- [WHAT THE EXERCISE ASKS]: Set down the data again exactly. Pictures are not part of the copy.

- [INPUT DATA]:
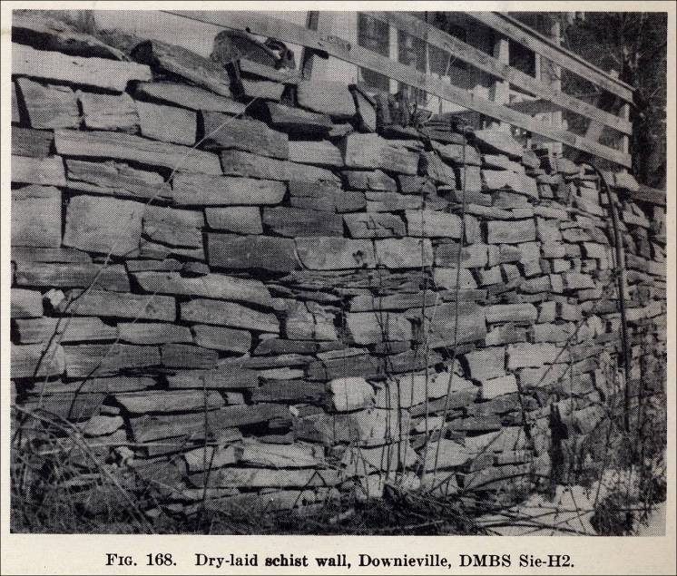"Schists of the Calaveras, Cosumnes, and Mariposa series as well as some similar formations of earlier age are extensively used as building material. Their especial virtue lies in the fact that they usually have well defined horizontal planes of cleavage which permit the detachment of large, even surfaced slabs which can be used with very little dressing or shaping (cf. Figs. 13, 26). When used for fences or retaining walls, they are often dry-laid (cf. Figs. 25, 168), but in buildings they are usually set in mortar of mud or lime. When the vertical plane of cleavage is definite, it is set toward the exterior. The rough, vari-colored appearance f schist walls was not always appreciated by the early builders and most schist buildings have facades of brick, (Fig. 42) or of dressed blocks of ornamental stone (mostly rhyolite tuff) and the other walls are heavily coated with lime stucco. That the use of schist as a structural material is confined to those towns where it is available in the immediate locale, indicates that it was employed because of convenience rather than preference. Representative schist buildings are illustrated in Figs. 12, 33, 46, and 126.
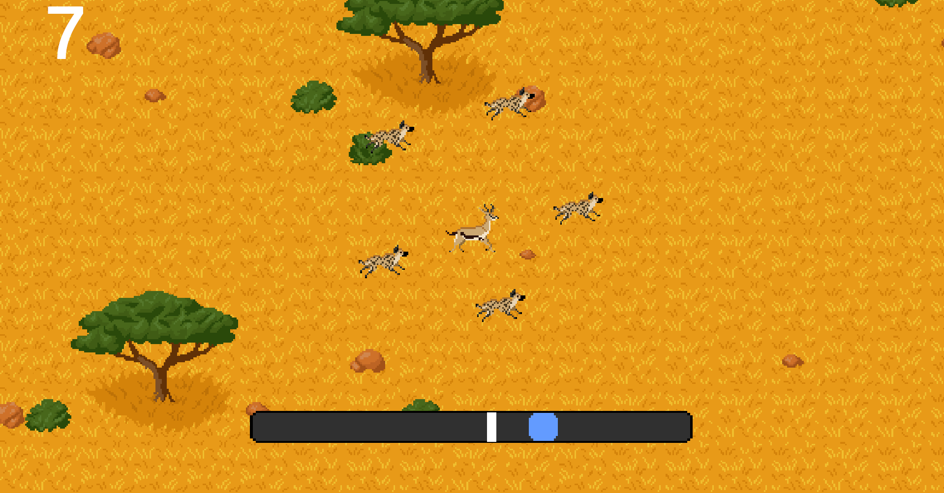 Smash the space bar to loop around and encircle the fleeing antelope.
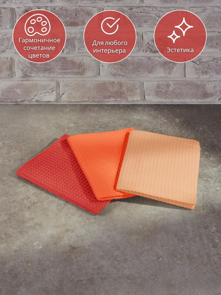СохранитьНабор вафельных полотенец для кухни 45х70см, морковный/персик/кораловый интересное:
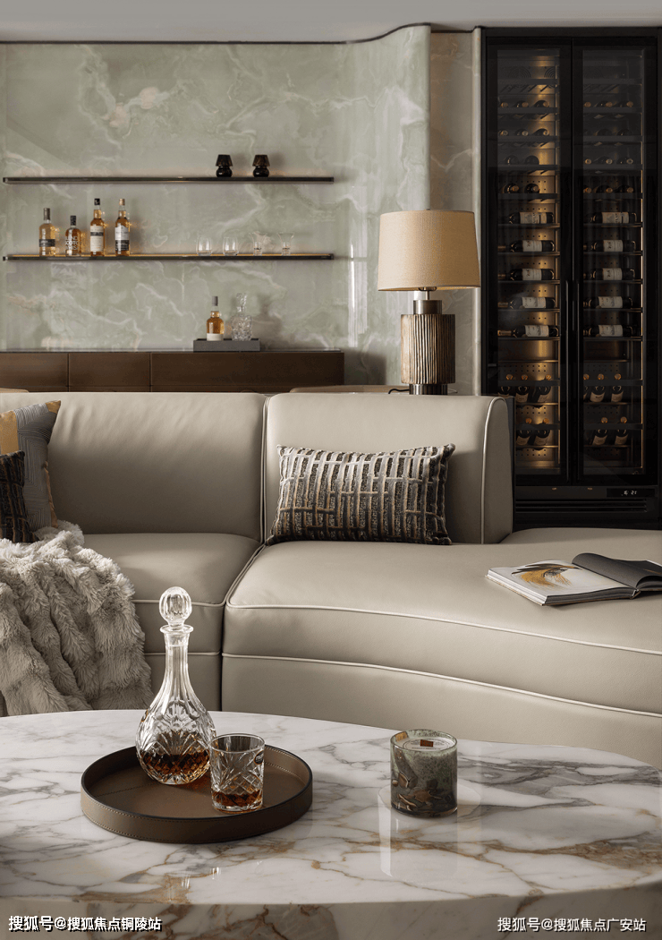 约270°的环幕视野,让阳光肆意倾洒,观景效果极佳。光影勾勒形体,色彩渲染风格,以打造能量社交场。视觉的温暖和青玉石带来的温润质地,在淡雅柔软的饰面映衬下,散发着慵懒惬意之感。
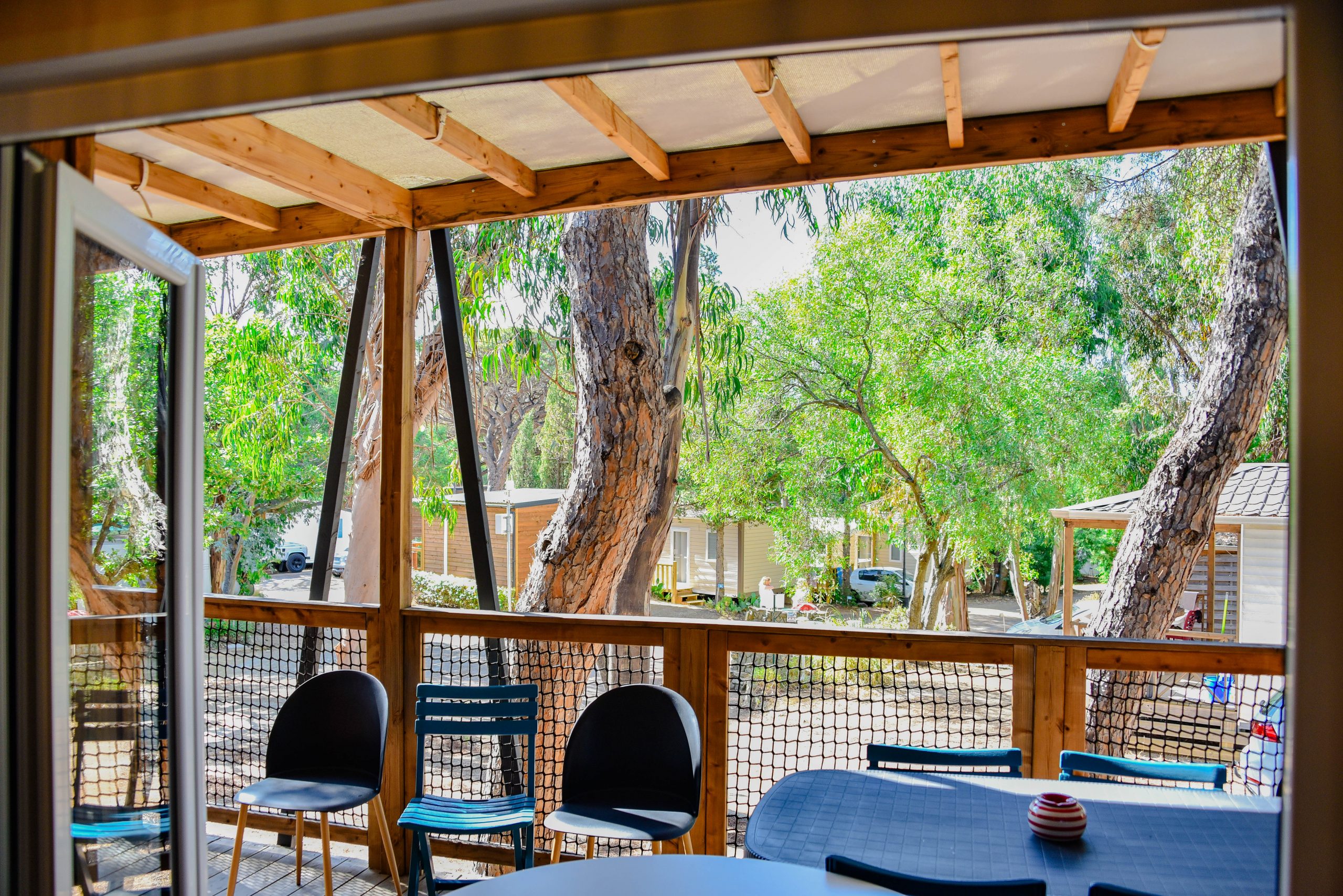 Jolis chalets en bois pour 5 personnes, situés au calme, à l’ombre.
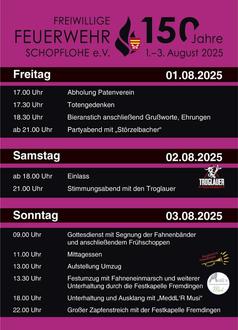 Die Freiwillige Feuerwehr Schopflohe feiert vom 01. - 03. August 2025 ihr 150-jähriges Gründungsjubiläum. Wir laden Sie herzlich ein, dieses besondere Ereignis gemeinsam mit uns zu feiern.
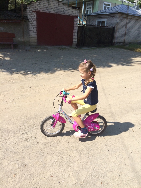 А приехали за ней на Кавказ (где она провела лето у бабушки с дедушкой), сняли ей 2 "лишних" колеса и.... через 5 минут она каталась сама!!! Счастью нашему и ее не было предела! Теперь каждый день проехать на велосипеде (а я за ней бегом следом) - это святое!

- [RESPONSE BOX]:
"Schists of the Calaveras, Cosumnes, and Mariposa series as well as some similar formations of earlier age are extensively used as building material. Their especial virtue lies in the fact that they usually have well defined horizontal planes of cleavage which permit the detachment of large, even surfaced slabs which can be used with very little dressing or shaping (cf. Figs. 13, 26). When used for fences or retaining walls, they are often dry-laid (cf. Figs. 25, 168), but in buildings they are usually set in mortar of mud or lime. When the vertical plane of cleavage is definite, it is set toward the exterior. The rough, vari-colored appearance f schist walls was not always appreciated by the early builders and most schist buildings have facades of brick, (Fig. 42) or of dressed blocks of ornamental stone (mostly rhyolite tuff) and the other walls are heavily coated with lime stucco. That the use of schist as a structural material is confined to those towns where it is available in the immediate locale, indicates that it was employed because of convenience rather than preference. Representative schist buildings are illustrated in Figs. 12, 33, 46, and 126.
 Smash the space bar to loop around and encircle the fleeing antelope.
СохранитьНабор вафельных полотенец для кухни 45х70см, морковный/персик/кораловый интересное:
 约270°的环幕视野,让阳光肆意倾洒,观景效果极佳。光影勾勒形体,色彩渲染风格,以打造能量社交场。视觉的温暖和青玉石带来的温润质地,在淡雅柔软的饰面映衬下,散发着慵懒惬意之感。
 Jolis chalets en bois pour 5 personnes, situés au calme, à l’ombre.
 Die Freiwillige Feuerwehr Schopflohe feiert vom 01. - 03. August 2025 ihr 150-jähriges Gründungsjubiläum. Wir laden Sie herzlich ein, dieses besondere Ereignis gemeinsam mit uns zu feiern.
 А приехали за ней на Кавказ (где она провела лето у бабушки с дедушкой), сняли ей 2 "лишних" колеса и.... через 5 минут она каталась сама!!! Счастью нашему и ее не было предела! Теперь каждый день проехать на велосипеде (а я за ней бегом следом) - это святое!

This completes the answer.